She looked doubtful.

“Doctor’s orders, Cathy. She mustn’t get agitated, understand?”

“Which doctor?” she said quickly. “Maybe I could get a second opinion, maybe some tests—”

You stopped her mouth with your hand. “No. No doctors. I don’t want you worrying yourself. I’ll take care of all that when I get back.”

Her mouth worked silently against your palm.

“Cathy,” you murmured, “we’ve been over this. I’m leaving first thing in the morning. You don’t really want to spend the night arguing, do you?”

You peeled your hand away to find her mute. Knowing full well what she wanted, you punished her a little, made her wait. Her eyes filled up with tears. You smiled indulgently, lifted a finger and pushed it softly between her lips.

In the morning you left a trail, a long tail dragging, growing a mile for every mile you drove. The teacher stood waving on her front stoop, watching the space where you’d been. After a time she remembered me.

“Hi, Clare.” She held out a hand and I flapped my giant mitts in reply.
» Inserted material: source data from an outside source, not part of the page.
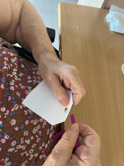 Motricitat fina creant les etiquetes perquè cada resident posi el seu desig.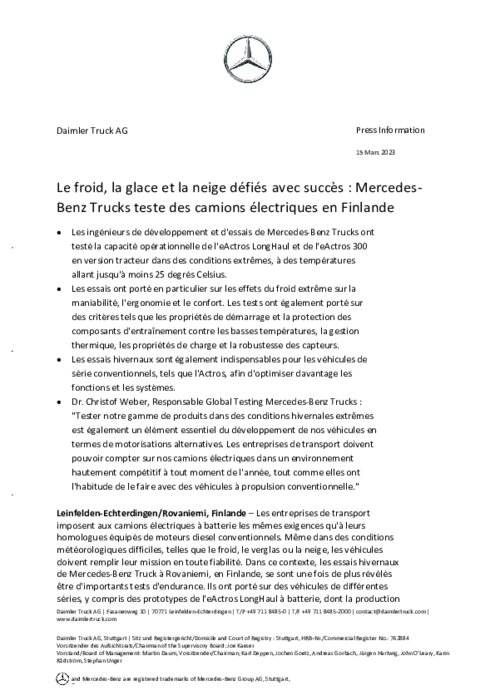 Mercedes-Benz Trucks teste des camions électriques en Finlande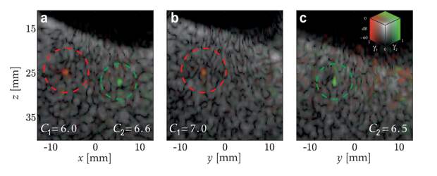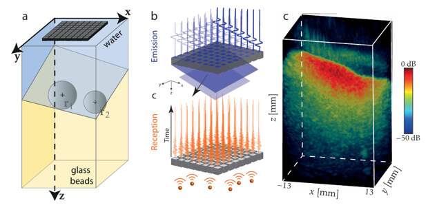 Первый тест был очень сложным. Ученые поместили два металлических шара в контейнер с водой и стеклянными гранулами. Эта среда очень сильно рассеивала ультразвук. Шары были на глубине, в 4-5 раз большей, чем расстояние, на котором можно было бы различить сигнал.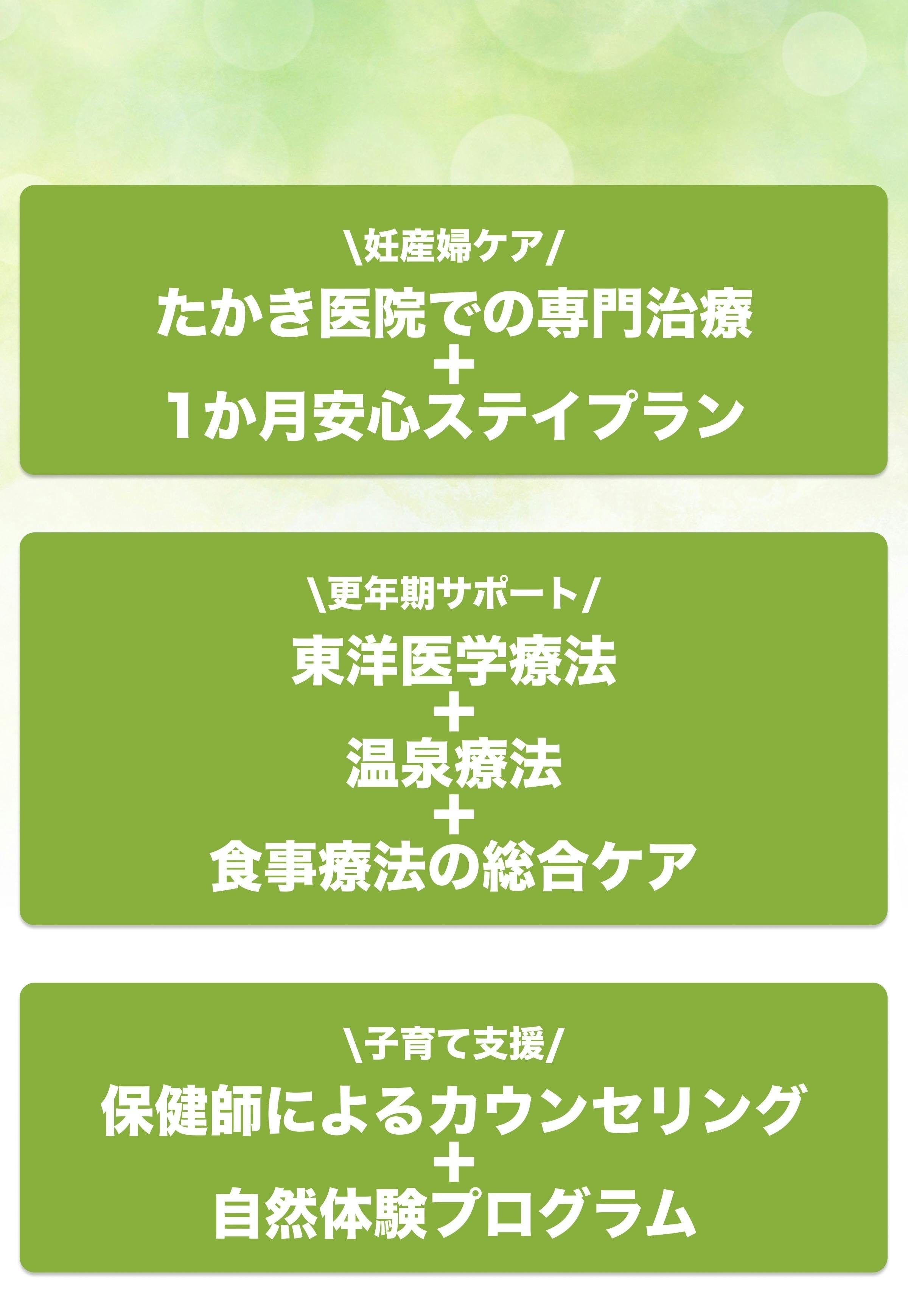 ・妊産婦ケア:たかき医院での専門治療+1か月安心ステイプラン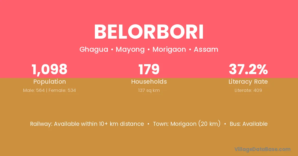 Morigaon (20 km) is the nearest town to Belorbori village for major economic activities and is located approximately 20 km away.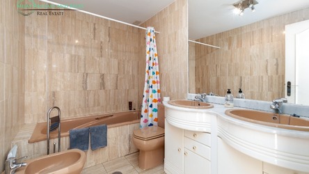 The apartment features two comfortable bedrooms and two bathrooms, including a master bedroom with en-suite bathroom. Both the living room and main bedroom are equipped with air-conditioning, ensuring comfort throughout the year. The bright living room opens directly onto the terrace, creating a light-filled and comfortable space ideal for relaxing after a day at the beach.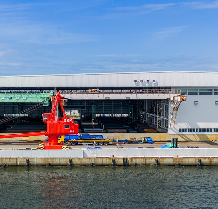 本社第二工場は、船が着ける倉庫と製缶設備を併設し、最新レーザー技術で多様な加工に応える中嶋グループの基幹工場です。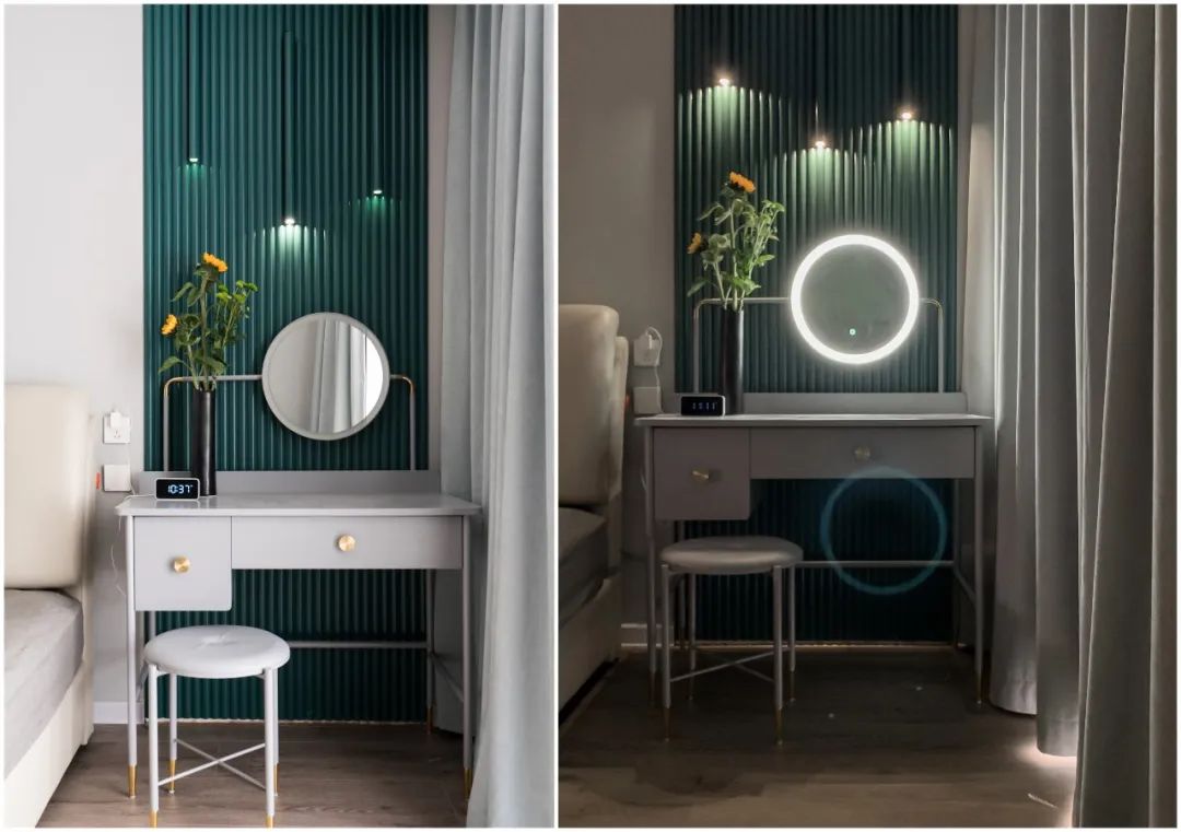 在梳妆台的位置着重处理,墙面定制墨绿色金属管和竖条灯,高雅复古又精致。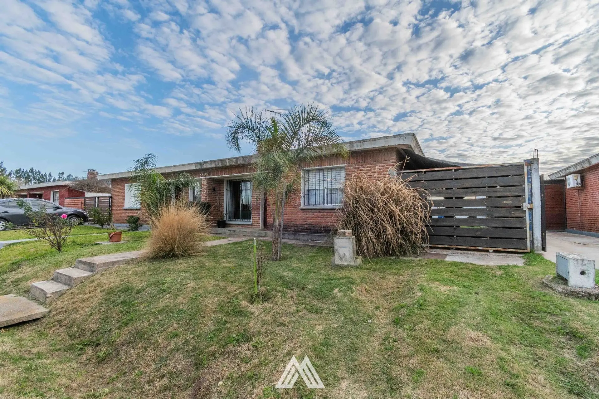 La casa es de ladrillo visto, techo de planchada con tejas americanas grises.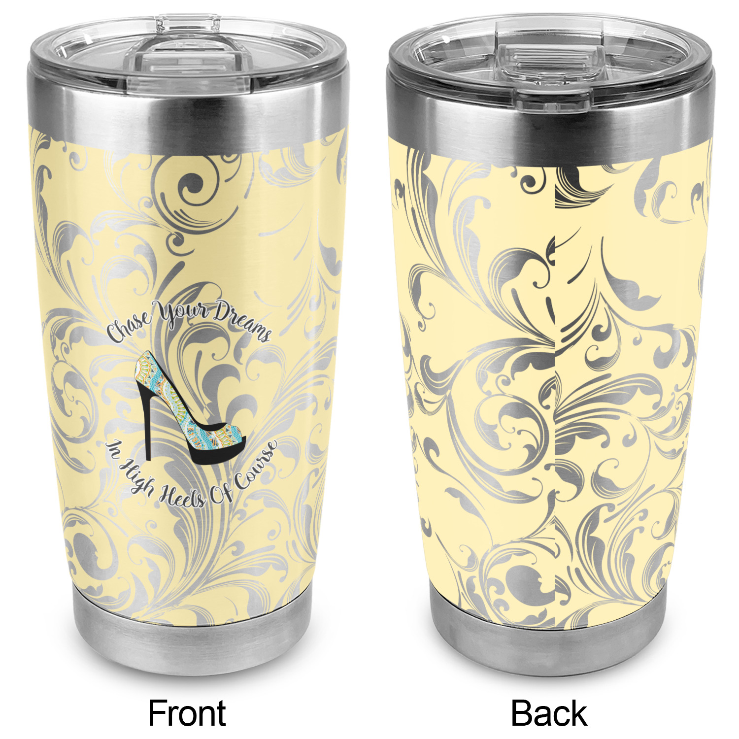 Made from a 20oz vacuum insulated stainless steel tumbler, these cups are perfect or cold or hot drinks. Standing at 6.75in tall, and 3.25in diameter (at the top) and 2.75in diameter at the base - these metal cups are perfect to fit in just about any cupholder for that on the go lifestyle.

She nodded sadly and withdrew, leaving me to walk in on my own.

5
A BLOOD-BROWN FRAME
(
clare
)

I
’m hungry.” The teacher sets down her scissors and stands. “You hungry, Clare?” She jumps to a bare spot on the rug. “I’ll get us some crackers and cheese.” I carry on without her, dividing two drawings into ten but holding off on a third until she returns. The time-bird greets her with a brief announcement. “You-knew,” it tells her, “you-knew.” She looks down at the page I’ve kept waiting. Nods mournfully as I execute the first cut.

You’d been gone a full week, Preacher, when you finally bothered to call. The teacher pounced on the phone, holding it pressed to her ear even after you’d hung up. How I longed to draw her, lay her down in glossy wax. The sad, sea-green ellipses of her eyes.

Come nighttime I was glowing, overflowing with the charge. While the teacher slept lonely and fretful in the next room, I gnawed doggedly at my wrist, worrying until the tape began to fray. I took the end in my teeth and tugged, unwound the white snake, whipped the fat mitt across the floor. The hand came out spindly, like a plant growing blanched in the dark.

There wasn’t a pen, wasn’t the stub of a pencil left loose—she’d seen to it, feeling your eyes on her from afar. Undaunted, the hand offered itself, index finger volunteering separate and straight. I let it hang, felt ink well at the ready tip. Then bit. Delicately, persistently, I nibbled until the print whirled open and colour began to flow.

But how to evoke sea green with nothing but red? And where?

The wall loomed up beside me, blank but for a Cross of woven reeds. With no black for borders, I had to make do. The lines weren’t as thick as I would’ve liked, but the nib kept running dry, forcing me to pause and chew it open afresh.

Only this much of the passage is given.